PROBLEM TO WORK ON - Reproduce only this stretch of the listing below: from the line with "Например, на этой" through the line with "AVIATION LAW FINAL EXAM 2025", exactly as written, with pictures excluded.
━━ TASK MATERIAL
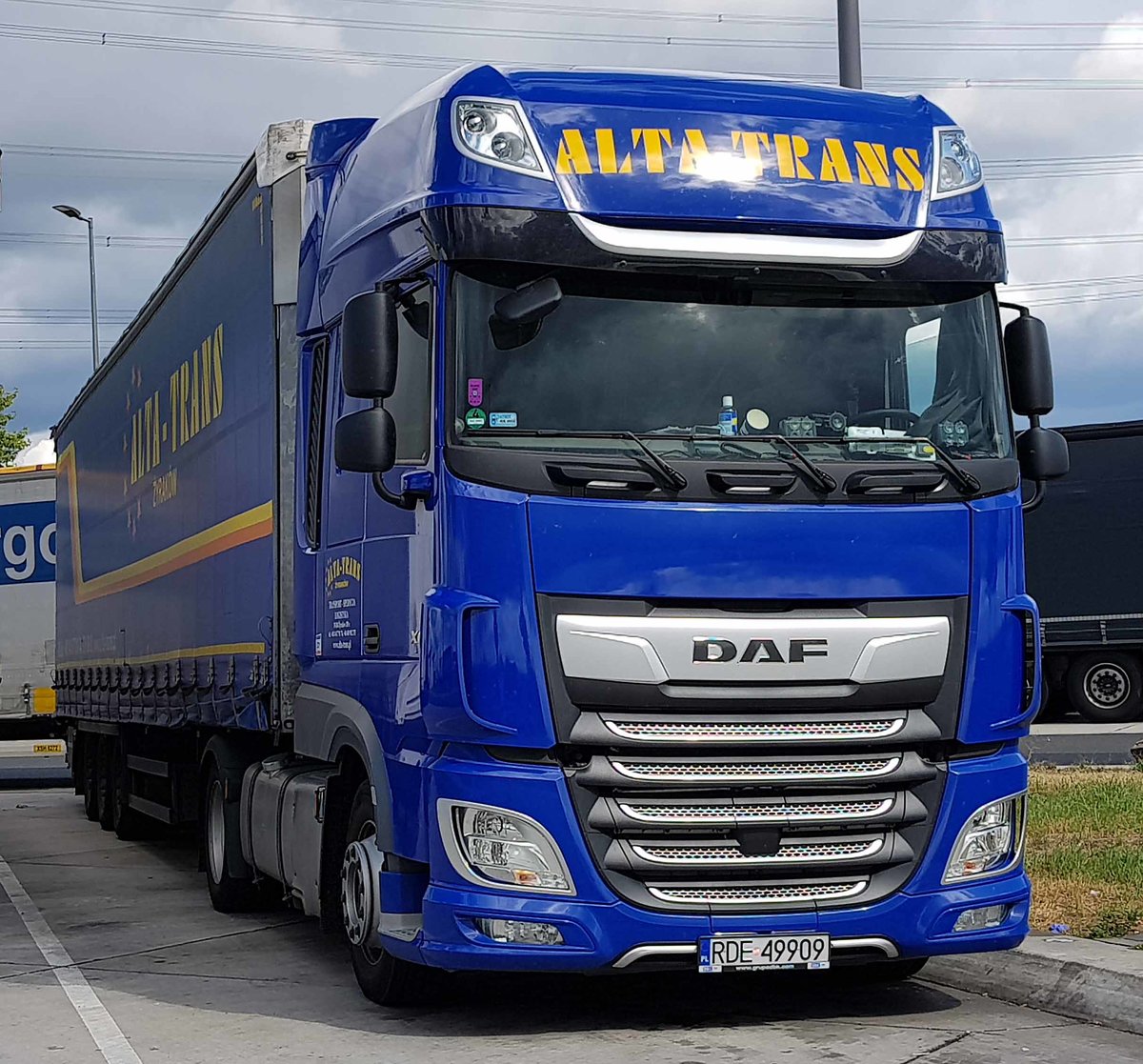 =DAF XF von ALTA TRANS steht im August 2020 auf einem Rastplatz an der A 3
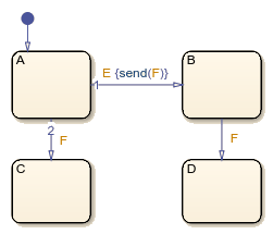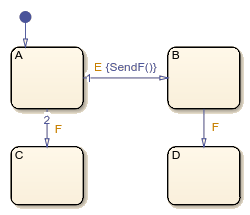Например, на этой диаграмме входные события E и F инициировать переходы между состояниями. Предположим, что SendF - функция в пути MATLAB, вызывающая входную функцию события F.
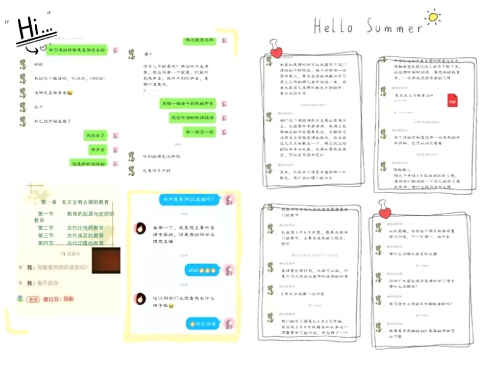 2020年春季学期的“开学”注定将记入学校史册,教育学院在学校党委疫情防控的精神下,认真落实教务处“停课不停学”要求,学院本学期开设的近百门课程的授课教师在近一个月里,进行课程设计、资源准备、平台选择、网络搭建等,随着39日的临近,网络课程也将正式启用。俗语讲“是骡子是马,拉出来遛遛!”,本周老师们都开始了进行测试,同时完成课程的“第一课”。学院以“学生为中心”的理念,对学生学习进行跟踪、访谈,以此来保障网络教学质量。下面听听他们对学习、对教师、对自己有些什么想说的......
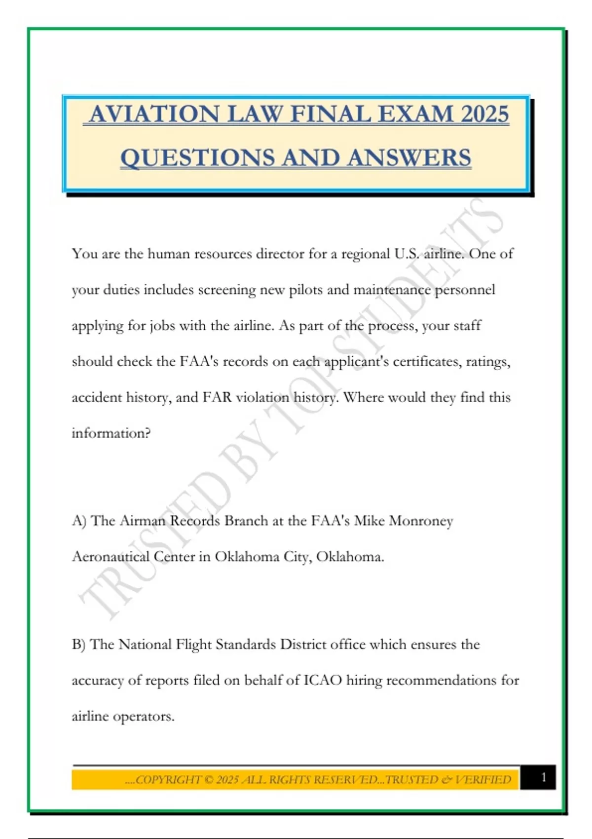 AVIATION LAW FINAL EXAM 2025
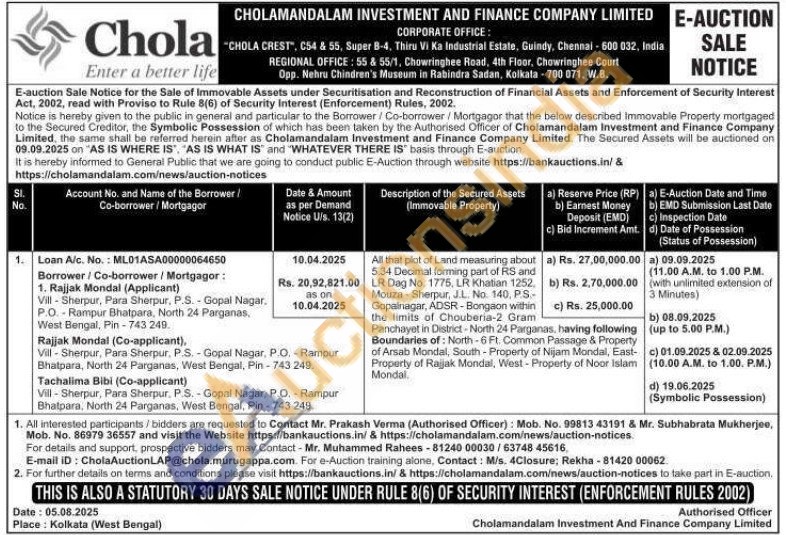Contact Mr. Prakash Verma (Authorised Officer): Mobile No : 9981343191 / Mr. Subhabrata Mukherjee Mobile No : 8697936557
━━━━
WRITTEN RESPONSE -
Например, на этой диаграмме входные события E и F инициировать переходы между состояниями. Предположим, что SendF - функция в пути MATLAB, вызывающая входную функцию события F.
 2020年春季学期的“开学”注定将记入学校史册,教育学院在学校党委疫情防控的精神下,认真落实教务处“停课不停学”要求,学院本学期开设的近百门课程的授课教师在近一个月里,进行课程设计、资源准备、平台选择、网络搭建等,随着39日的临近,网络课程也将正式启用。俗语讲“是骡子是马,拉出来遛遛!”,本周老师们都开始了进行测试,同时完成课程的“第一课”。学院以“学生为中心”的理念,对学生学习进行跟踪、访谈,以此来保障网络教学质量。下面听听他们对学习、对教师、对自己有些什么想说的......
 AVIATION LAW FINAL EXAM 2025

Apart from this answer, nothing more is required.